▶ _TASK DIRECTIONS_: An exact copy of the listing below is needed, with no pictures in it.

▶ _PROVIDED MATERIAL_:
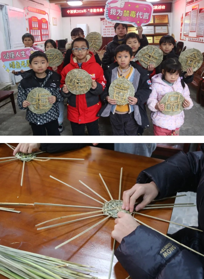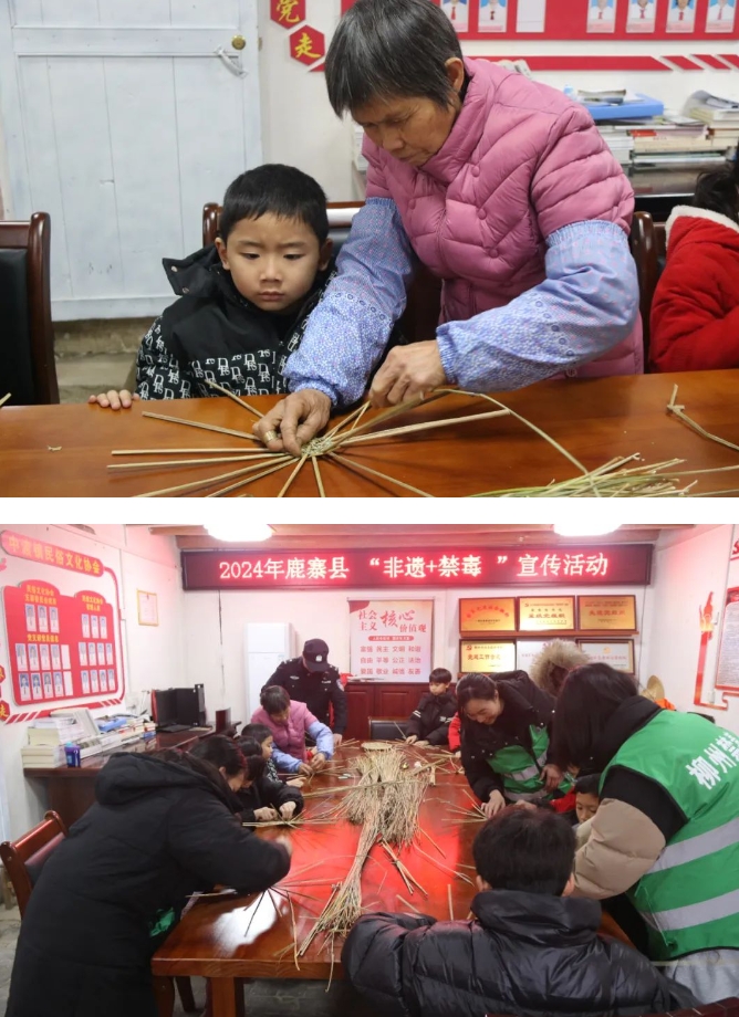 经过大家的共同努力,一件件带有“珍爱生命 拒绝毒品”等字样的禁毒主题草编工艺品呈现在大家眼前。这场草编里的禁毒活动,让孩子们在感受非遗文化魅力的同时,了解毒品危害,增强了防毒拒毒意识,把禁毒理念传播得更广、更深、更远。【供稿:鹿寨县禁毒办】
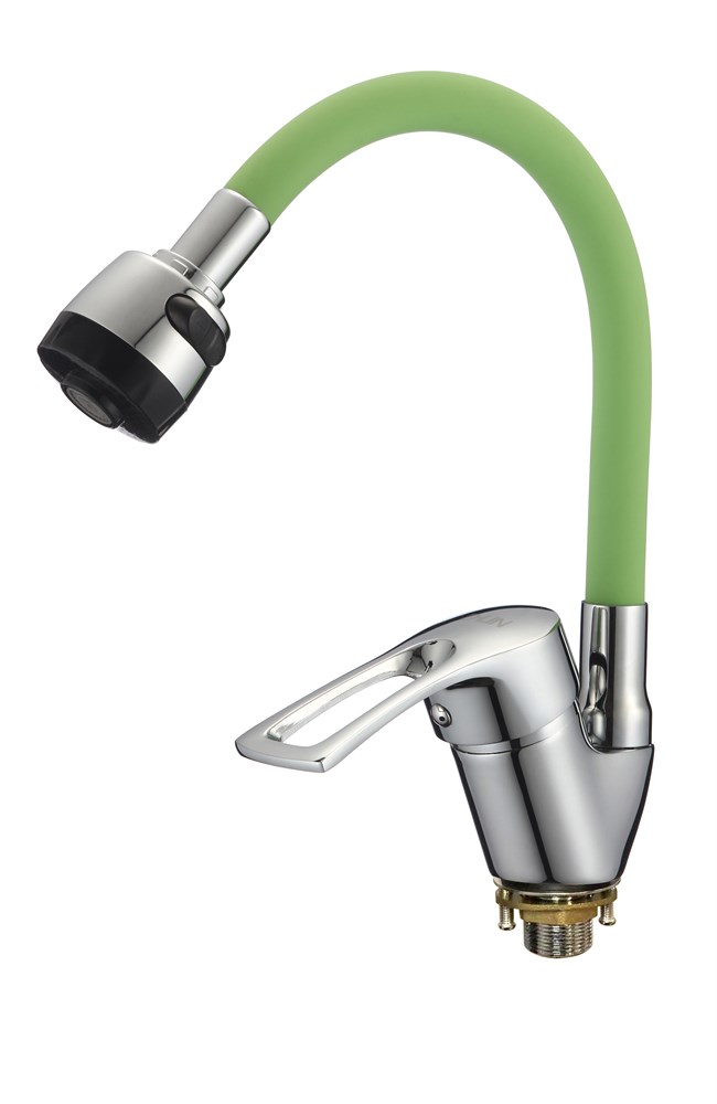 Смеситель для кухни с силиконовым изливом D150422-5T, зелёный и хром
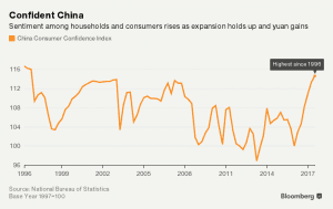 Kiinalaiskuluttajien luottamus (ks. kuva alla) nousi heinäkuussa (lukema 114,6) korkeimmalle tasolle kahteen vuosikymmeneen. Kuluttajien luottamusta talouteen tuki erityisesti Kiinan vahvistunut työllisyystilanne ja vahva palkkakehitys. Vahva kuluttajaluottamuksen kasvu on positiivinen ajuri erityisesti kulutustavarasektorin globaaleille yhtiöille, joille Kiina on tärkeä markkina. Lisäksi tilasto tukee Kiinan hallinnon tavoitetta viedä maata investointivetoisesta yhteiskunnasta kohti yksityisen kulutuksen taloutta.
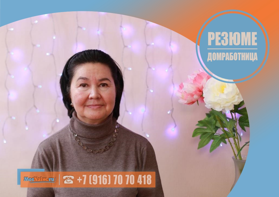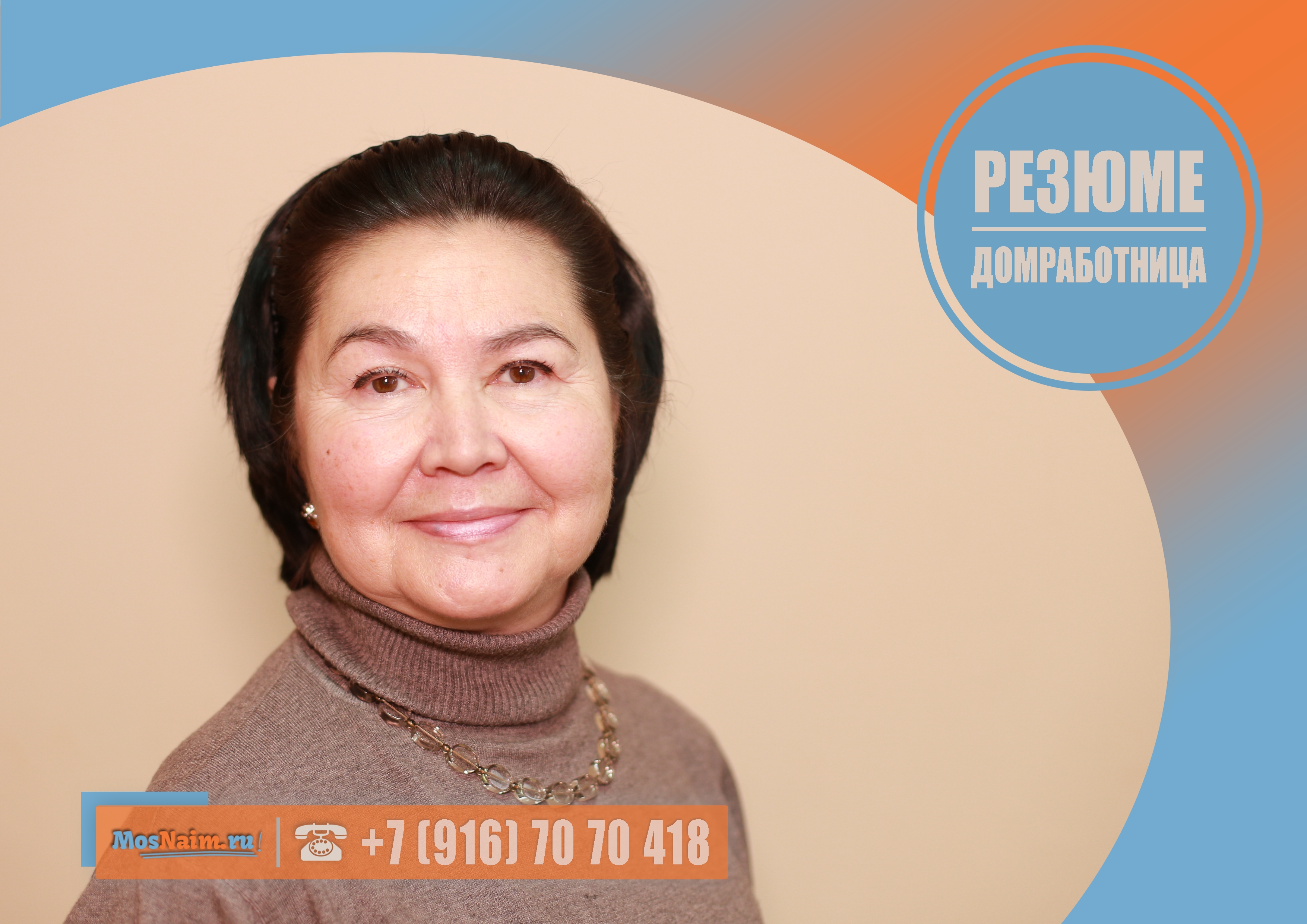 Имеет опыт работы: няня, домработница (девочка 5 лет) – 1 год; няня у двоих детей (мальчики 13 лет и 1 год) – 1 год; домработница (квартира 200 кв. м.) – 5 лет. Готова предоставить рекомендации.

▶ _RESULT FOR THIS EXERCISE_:
 经过大家的共同努力,一件件带有“珍爱生命 拒绝毒品”等字样的禁毒主题草编工艺品呈现在大家眼前。这场草编里的禁毒活动,让孩子们在感受非遗文化魅力的同时,了解毒品危害,增强了防毒拒毒意识,把禁毒理念传播得更广、更深、更远。【供稿:鹿寨县禁毒办】
 Смеситель для кухни с силиконовым изливом D150422-5T, зелёный и хром
 Kiinalaiskuluttajien luottamus (ks. kuva alla) nousi heinäkuussa (lukema 114,6) korkeimmalle tasolle kahteen vuosikymmeneen. Kuluttajien luottamusta talouteen tuki erityisesti Kiinan vahvistunut työllisyystilanne ja vahva palkkakehitys. Vahva kuluttajaluottamuksen kasvu on positiivinen ajuri erityisesti kulutustavarasektorin globaaleille yhtiöille, joille Kiina on tärkeä markkina. Lisäksi tilasto tukee Kiinan hallinnon tavoitetta viedä maata investointivetoisesta yhteiskunnasta kohti yksityisen kulutuksen taloutta.
 Имеет опыт работы: няня, домработница (девочка 5 лет) – 1 год; няня у двоих детей (мальчики 13 лет и 1 год) – 1 год; домработница (квартира 200 кв. м.) – 5 лет. Готова предоставить рекомендации.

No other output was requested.